Then I turned and ran. My hands were bound painfully against my back, and it made running extremely awkward. But I needed to get away. I would figure out how to break the manacles on my wrists later.

The forest was so thick and dense that the sound of activity in the village was quickly muffled by the foliage. I could hear my own desperate, frantic breathing and my unsubtle crashing through the bush, but no sounds of pursuit.

The scent of smoke drifted along behind me, clinging to my clothes and burrowing inside my nostrils. I don’t think I ran for very long, but after a while I was wiped out. My body was losing energy fast. I just couldn’t keep up with the constant exhaustion and hunger and fear anymore. With every day that passed, my baby got bigger, using more and more of my resources. I was supposed to be eating chips and dip on the couch, not running for my life from creatures that intended me harm—again.

I wasn’t really paying attention to where I was going. I was just trying to get as far away from the faerie as possible.

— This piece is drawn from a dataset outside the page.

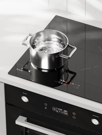 ✅Индукционная варочная панель Tuvio HIT22FBA1 - это современное и удобное решение для кухни, которое сочетает в себе высокую мощность, инверторную технологию и простоту управления. Модель рассчитана на встраивание в стандартную нишу шириной 56 см и глубиной 49 см, что позволяет легко интегрировать ее в любой кухонный гарнитур. Рабочая поверхность выполнена из прочной стеклокерамики, устойчива к высоким температурам и проста в уходе.✅Панель оснащена тремя индукционными конфорками различного диаметра:16, 21 и 29 см, что позволяет использовать посуду разных размеров и готовить как небольшие, так и объемные блюда. Особенностью модели является крупная правая конфорка, которая идеально подходит для больших сковород и кастрюль, а также функция Booster, обеспечивающая быстрый нагрев. Встроенный инвертор позволяет добиваться плавной регулировки мощности и минимизировать шум при работе.✅Управление плитой осуществляется с помощью сенсорных кнопок, расположенных спереди панели, что делает процесс интуитивно понятным и удобным. Для безопасности предусмотрена блокировка от детей, автоматическое защитное отключение, а также индикатор остаточного тепла для предотвращения ожогов. Встроенный таймер и функция поддержания тепла обеспечивают дополнительный комфорт при приготовлении пищи.✅Tuvio HIT22FBA1 подойдет для тех, кто ценит качественную бытовую технику по доступной цене. Модель оснащена всеми необходимыми функциями для ежедневного использования:автоматика закипания, кратковременная пауза, распознавание наличия и размера посуды. Официальная гарантия 5 лет и заявленный срок службы до 7 лет подтверждают надежность и долговечность устройства.✅Индукционная варочная панель Tuvio HIT22FBA1 - это современное и удобное решение для кухни, которое сочетает в себе высокую мощность, инверторную технологию и простоту управления. Модель рассчитана на встраивание в стандартную нишу шириной 56 см и глубиной 49 см, что позволяет легко интегрировать ее в любой кухонный гарнитур. Рабочая поверхность выполнена из прочной стеклокерамики, устойчива к высоким температурам и проста в уходе.✅Панель оснащена тремя индукционными конфорками различного диаметра:16, 21 и 29 см, что позволяет использовать посуду разных размеров и готовить как небольшие, так и объемные блюда. Особенностью модели является крупная правая конфорка, которая идеально подходит для больших сковород и кастрюль, а также функция Booster, обеспечивающая быстрый нагрев. Встроенный инвертор позволяет добиваться плавной регулировки мощности и минимизировать шум при работе.✅Управление плитой осуществляется с помощью сенсорных кнопок, расположенных спереди панели, что делает процесс интуитивно понятным и удобным. Для безопасности предусмотрена блокировка от детей, автоматическое защитное отключение, а также индикатор остаточного тепла для предотвращения ожогов. Встроенный таймер и функция поддержания тепла обеспечивают дополнительный комфорт при приготовлении пищи.✅Tuvio HIT22FBA1 подойдет для тех, кто ценит качественную бытовую технику по доступной цене. Модель оснащена всеми необходимыми функциями для ежедневного использования:автоматика закипания, кратковременная пауза, распознавание наличия и размера посуды. Официальная гарантия 5 лет и заявленный срок службы до 7 лет подтверждают надежность и д

So, naturally, I stumbled into the dragon.

3

I BARRELED THROUGH A PARTICULARLY ROUGH PATCH of brush that was full of tangled pricker branches. I fought my way through the thorns tearing at my face and arms, and finally I was out.

And there he was.

The dragon was sleeping, curled up like a cat in a small clearing. His tail was wrapped around the front of his body, which was so much more massive than I’d realized. He was the size of three city buses lined up with three more stacked on top. And that didn’t even count the length of the coiled tail, or the triangular spike that protruded from his back.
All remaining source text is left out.